======== INPUT
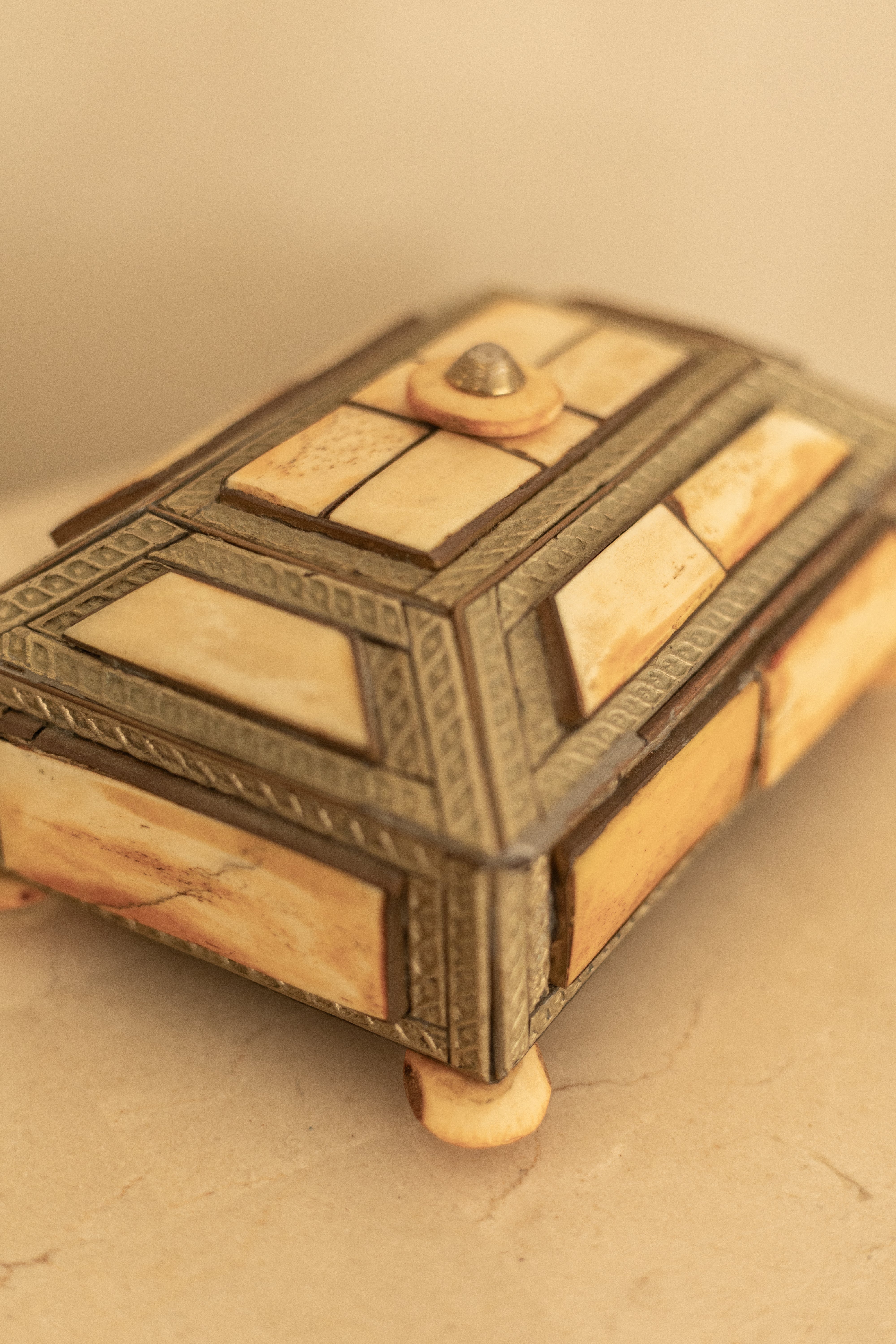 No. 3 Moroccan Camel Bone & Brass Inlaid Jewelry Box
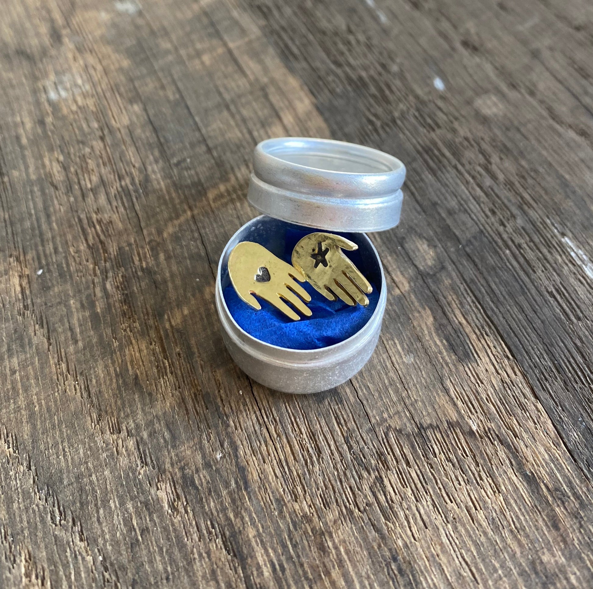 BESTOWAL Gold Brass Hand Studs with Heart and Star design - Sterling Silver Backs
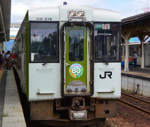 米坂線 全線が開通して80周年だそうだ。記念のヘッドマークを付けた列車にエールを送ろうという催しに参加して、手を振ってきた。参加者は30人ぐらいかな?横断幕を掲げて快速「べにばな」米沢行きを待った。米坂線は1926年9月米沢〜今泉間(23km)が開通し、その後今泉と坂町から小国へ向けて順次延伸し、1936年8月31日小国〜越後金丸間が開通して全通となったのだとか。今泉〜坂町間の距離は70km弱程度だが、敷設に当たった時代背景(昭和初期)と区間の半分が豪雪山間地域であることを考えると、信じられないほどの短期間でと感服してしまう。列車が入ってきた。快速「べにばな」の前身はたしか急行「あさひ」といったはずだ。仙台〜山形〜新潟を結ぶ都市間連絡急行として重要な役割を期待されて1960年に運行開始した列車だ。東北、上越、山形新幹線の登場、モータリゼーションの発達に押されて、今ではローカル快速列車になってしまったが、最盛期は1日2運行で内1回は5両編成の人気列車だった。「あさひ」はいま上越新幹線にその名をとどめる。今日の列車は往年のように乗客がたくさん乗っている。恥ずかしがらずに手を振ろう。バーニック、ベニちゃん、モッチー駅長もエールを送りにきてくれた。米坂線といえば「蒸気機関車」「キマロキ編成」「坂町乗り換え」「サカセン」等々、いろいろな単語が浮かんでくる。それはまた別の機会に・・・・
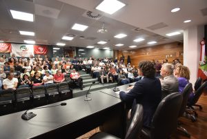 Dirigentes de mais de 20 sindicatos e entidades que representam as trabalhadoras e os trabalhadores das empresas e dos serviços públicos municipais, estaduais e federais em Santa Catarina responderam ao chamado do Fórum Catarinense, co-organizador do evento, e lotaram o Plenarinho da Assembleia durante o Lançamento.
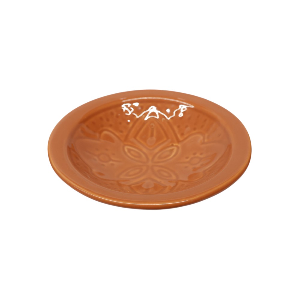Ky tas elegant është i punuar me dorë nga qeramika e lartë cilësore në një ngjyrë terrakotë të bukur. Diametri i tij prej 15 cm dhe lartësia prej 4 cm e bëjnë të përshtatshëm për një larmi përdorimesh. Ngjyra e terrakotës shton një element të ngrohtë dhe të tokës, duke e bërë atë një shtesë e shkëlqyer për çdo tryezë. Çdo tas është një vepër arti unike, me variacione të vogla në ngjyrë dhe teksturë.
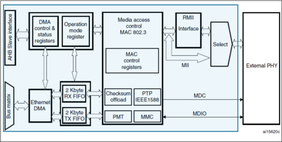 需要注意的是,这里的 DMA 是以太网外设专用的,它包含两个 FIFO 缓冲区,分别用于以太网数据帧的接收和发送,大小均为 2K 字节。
================
The lines from the one that contains "Ky tas elegant" through the end of the data, repeated exactly and with no pictures, make up the whole answer.

Ky tas elegant është i punuar me dorë nga qeramika e lartë cilësore në një ngjyrë terrakotë të bukur. Diametri i tij prej 15 cm dhe lartësia prej 4 cm e bëjnë të përshtatshëm për një larmi përdorimesh. Ngjyra e terrakotës shton një element të ngrohtë dhe të tokës, duke e bërë atë një shtesë e shkëlqyer për çdo tryezë. Çdo tas është një vepër arti unike, me variacione të vogla në ngjyrë dhe teksturë.
 需要注意的是,这里的 DMA 是以太网外设专用的,它包含两个 FIFO 缓冲区,分别用于以太网数据帧的接收和发送,大小均为 2K 字节。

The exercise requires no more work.